During the course of this study, we partnered with clinical and operational leaders to better understand how this model should be used in the hospital setting. As part of this work, we iteratively developed a simple user interface (eFigure 3 in the Supplement) showing model output using Apache Superset31 in addition to a workflow decision framework (eFigure 4 in the Supplement). We developed a model fact sheet, similar to an over-the-counter drug label, that clearly communicates important information about the model to clinician end users.
We included a total of 75 247 hospitalizations (median [interquartile range] patient age, 59.5 [29.0] years; 45.9% involving male patients) in the training, retrospective validation, and prospective validation of the model. The overall percentage of hospitalizations with in-hospital mortality was 2.7% (2021 hospitalizations). The hospital and encounter characteristics are summarized by training and testing cohorts in Table 1.
Table 2 summarizes the prediction accuracy by evaluation method, site, and time period. The in-hospital mortality rates for the training validation; retrospective validations at hospitals A, B, and C; and prospective validation cohorts were 3.0%, 2.7%, 1.8%, 2.1%, and 1.6%, respectively. For the retrospective validations, the AUROC was 0.87 (95% CI, 0.83-0.89) for the 25% held-out test portion of the original training data set (retrospective evaluation, hospital A, 2014-2015), 0.85 (95% CI, 0.83-0.87) for a temporal validation cohort (retrospective evaluation, hospital A, 2018), 0.89 (95% CI, 0.86-0.92) for an external temporal and geographic validation cohort (retrospective evaluation, hospital B, 2018), and 0.84 (95% CI, 0.80-0.89) for an additional external temporal and geographic validation cohort (retrospective evaluation, hospital C, 2018). For the prospective validation, the AUROC was 0.86 (95% CI, 0.83-0.90) (prospective validation, hospital A, 2019). The AUPRC, which compares sensitivity (recall) and PPV (precision) and is more dependent on prevalence of the outcome, was lower across the 2018 retrospective and 2019 prospective validations compared with the earlier 2014 to 2015 retrospective validation. The AUPRC for the training validation; retrospective validations at hospitals A, B, and C; and prospective validation cohorts were 0.29 (95% CI, 0.25-0.37), 0.17 (95% CI, 0.13-0.22), 0.22 (95% CI, 0.14-4 0.31), 0.13 (95% CI, 0.08-0.21), and 0.14 (95% CI, 0.09-0.21), respectively. The prevalence of the outcome decreased from 3.0% in the 2014 to 2015 training data set compared with 1.6% in the prospective validation cohort. In practice, this means that at a fixed sensitivity of 60%, the PPV of the model in the 2014 to 2015 cohort was 12%, compared with 8.5% in the prospective validation cohort.
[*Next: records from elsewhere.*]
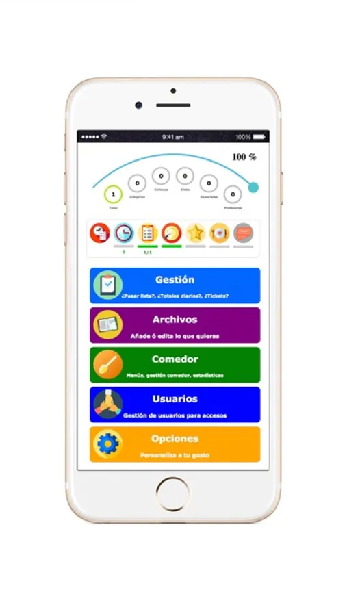-No solo poder descargar los menús y recomendaciones sino poder llevar a cabo un control exhaustivo y perfecto de todas las asistencias, comunicación, observación y visualización de datos de los alumnos.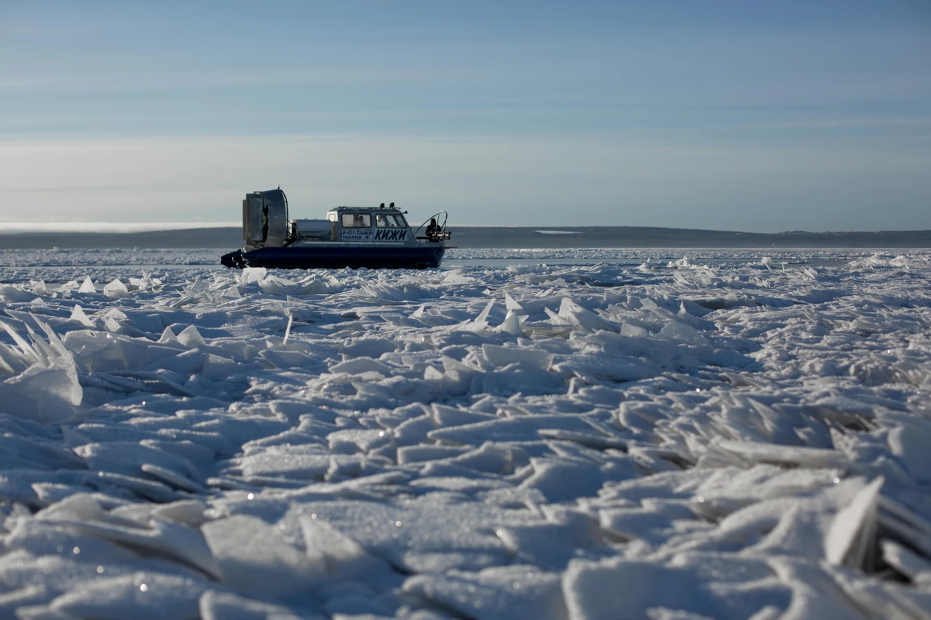 Вы прокатитесь по Онежскому озеру на катере-амфибии на воздушной подушке с тёплой закрытой кабиной — он уверенно передвигается по ледяной поверхности и хорошо защищает от ветра.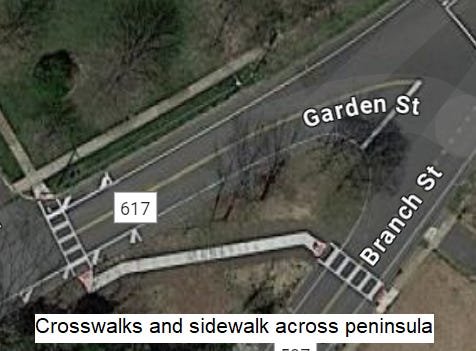 On November 12, 2020, the County Engineer informed me that a sidewalk and two crosswalks would be created at the peninsula separating Garden Street and Branch street! This was completed in January of 2021 to our delight.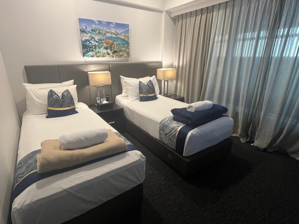 Cairns, Abbott Boutique Hotel: Moderne kamers in een onopvallend gebouw in het centrum. Niet echt een hotel, receptie ‘s nachts niet aanwezig. 105 EUR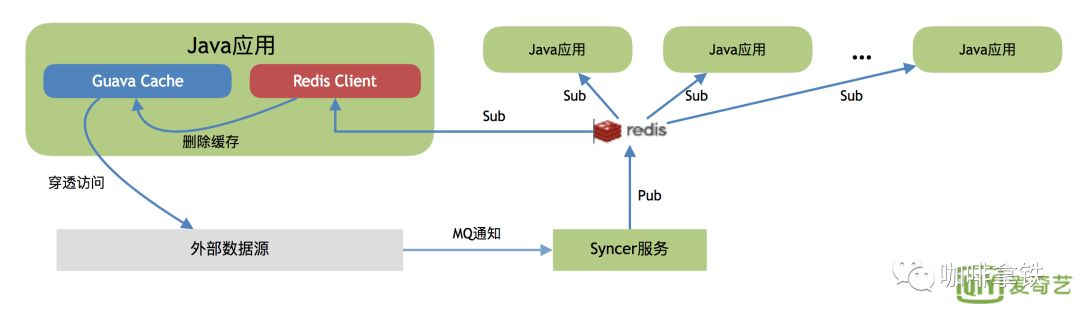 这个阶段扩展了Guava Cache,利用redis作为消息队列通知机制,通知其他java应用程序进行刷新。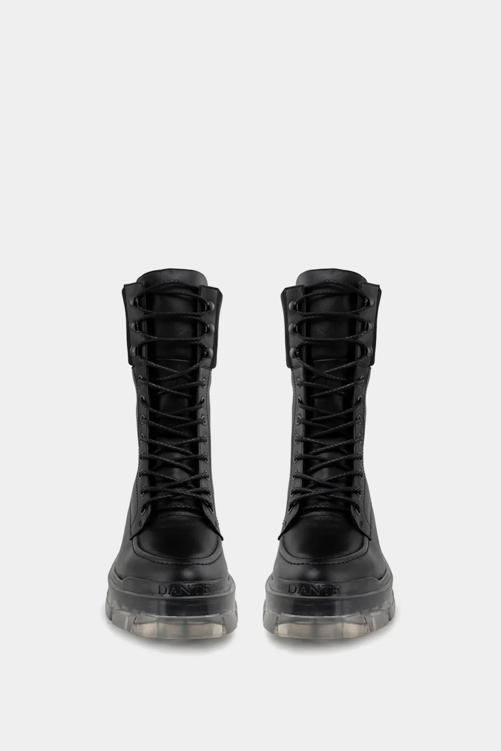 La nueva versión de nuestras combat boots te dejará boqui-abierta. Estas botas hechas en piel color negra a mano y suela transparente hacen de este modelo una creación imparable y completamente adaptable.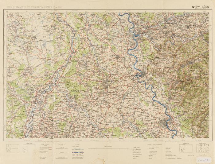 Carte de France et des frontières, type 1912. Köln (Cologne), n°2ter/ Dressé, gravé et publié par le Service Géographique de l'Armée. - 1925 - 1/200.000e.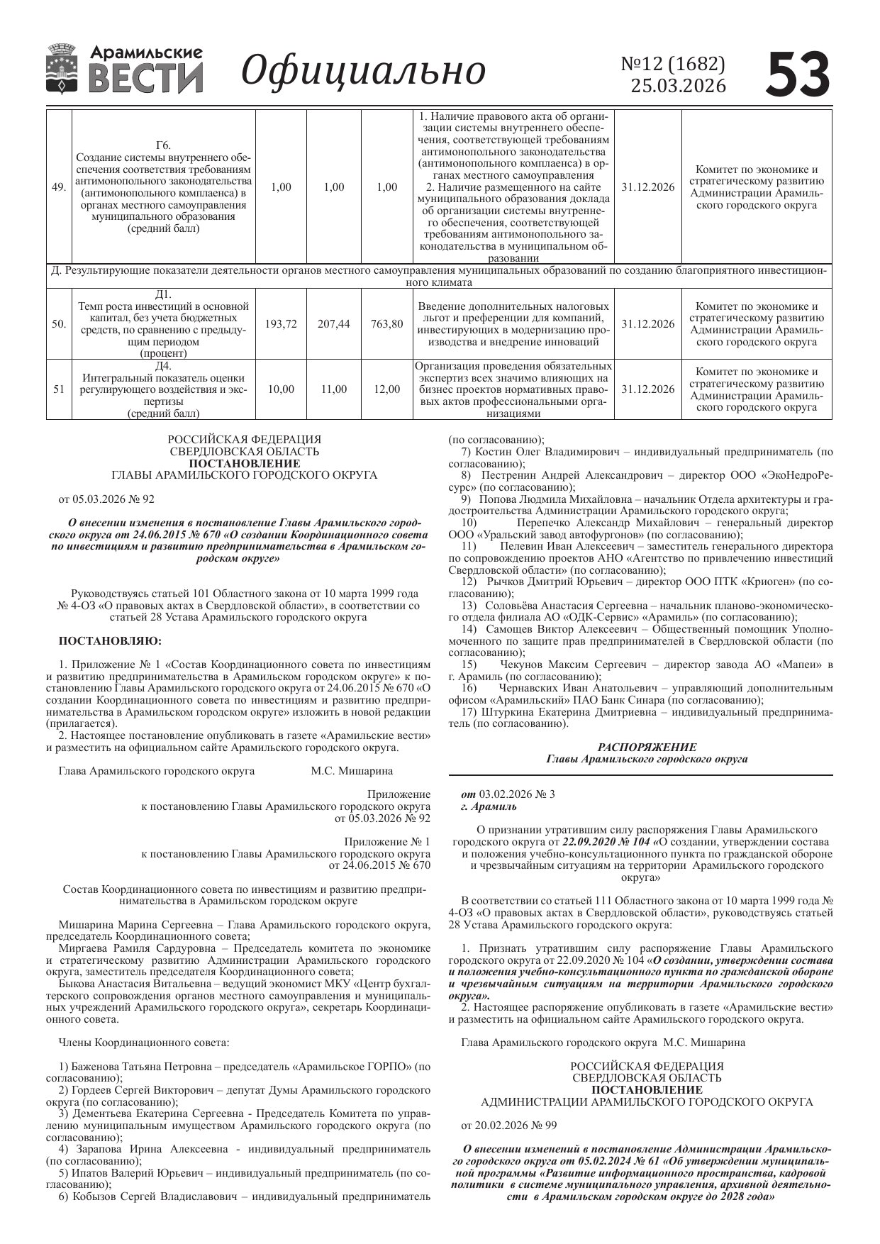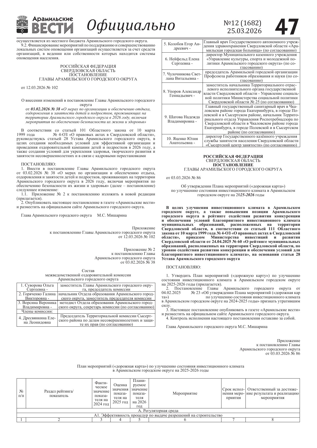 - МВК по созданию условий для роста ожидаемой продолжительности жизни и снижению преждевременной смертности населения на территории Арамильского городского округа

In Figure 1, the ROC and PR curves for the training test set demonstrate that the model performed well across risk threshold values, and the calibration plot demonstrates that mortality risk predicted by the model approximated observed mortality rates. The ROC and PR curves for the other evaluations are shown in eFigure 2 in the Supplement.
Table 3 shows metrics that are most relevant to operational stakeholders in the 2014 to 2015 test set and assumes a theoretical admission volume of 100 patients per day. At this volume, alerts triggered at or above a threshold of 0.04 would be 61% sensitive and 91% specific and would result in 11.9 alerts per day. Of all fired alerts, 1.5 would be true alerts and 10.4 would be false alerts. At this risk threshold, the workup to detection ratio is 7.9. As shown in Table 3, these metrics changed with different risk thresholds.
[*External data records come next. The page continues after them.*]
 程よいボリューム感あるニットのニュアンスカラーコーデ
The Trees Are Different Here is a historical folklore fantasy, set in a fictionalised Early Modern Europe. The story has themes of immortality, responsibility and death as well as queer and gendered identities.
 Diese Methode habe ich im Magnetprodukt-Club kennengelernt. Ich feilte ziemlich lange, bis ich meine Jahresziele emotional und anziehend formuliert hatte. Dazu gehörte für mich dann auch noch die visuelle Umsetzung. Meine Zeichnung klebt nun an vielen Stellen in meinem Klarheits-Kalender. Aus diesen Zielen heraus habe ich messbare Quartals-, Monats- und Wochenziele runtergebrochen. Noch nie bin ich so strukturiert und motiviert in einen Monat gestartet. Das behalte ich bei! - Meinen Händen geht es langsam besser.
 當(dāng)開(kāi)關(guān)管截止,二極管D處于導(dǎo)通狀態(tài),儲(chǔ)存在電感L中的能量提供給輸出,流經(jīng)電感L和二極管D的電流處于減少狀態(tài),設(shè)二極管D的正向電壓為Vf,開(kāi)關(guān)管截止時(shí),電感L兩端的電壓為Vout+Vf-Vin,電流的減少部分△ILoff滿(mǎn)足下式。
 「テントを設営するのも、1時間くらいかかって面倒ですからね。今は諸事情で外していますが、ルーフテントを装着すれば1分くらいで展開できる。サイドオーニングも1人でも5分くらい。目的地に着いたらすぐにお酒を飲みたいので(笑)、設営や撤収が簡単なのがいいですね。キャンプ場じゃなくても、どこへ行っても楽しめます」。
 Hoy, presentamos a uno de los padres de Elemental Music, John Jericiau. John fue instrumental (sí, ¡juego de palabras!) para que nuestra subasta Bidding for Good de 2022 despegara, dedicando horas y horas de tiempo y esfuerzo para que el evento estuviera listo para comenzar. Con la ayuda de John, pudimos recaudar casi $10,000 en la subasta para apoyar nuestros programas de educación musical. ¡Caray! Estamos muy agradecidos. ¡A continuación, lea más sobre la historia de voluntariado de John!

The eTable in the Supplement shows model performance across patient subpopulations in the 2014 to 2015 test set. The risk threshold was selected to achieve a PPV of 20% across the entire 2014 to 2015 retrospective test set. The threshold of 0.075 resulted in an operationally manageable level of 6 total alerts per day (for 100 admissions per day), with 5 false alerts and 1 true alert. Model sensitivity, specificity, and PPV varied across patient subpopulations segmented by information missingness, age, race, sex, admission types, and admission sources.
eFigure 3 in the Supplement shows an Apache Superset dashboard that was developed to display patient risk scores to clinicians to support the development of workflows using model output. The patient list can be filtered by time range to include patients admitted in the last day, last week, last month, and last year and also includes an option for searching for a specific patient medical record number. The dashboard was built from a curated database that automatically updates daily from the EHR reporting database. eFigure 4 in the Supplement shows the framework used to develop clinical workflows to be supported by model output. Figure 2 shows a model fact sheet, which summarizes important model information in a style similar to an over-the-counter drug label. The fact sheet is intended to guide use of the model by clinical end users who may not be familiar with the inner workings of the machine learning model.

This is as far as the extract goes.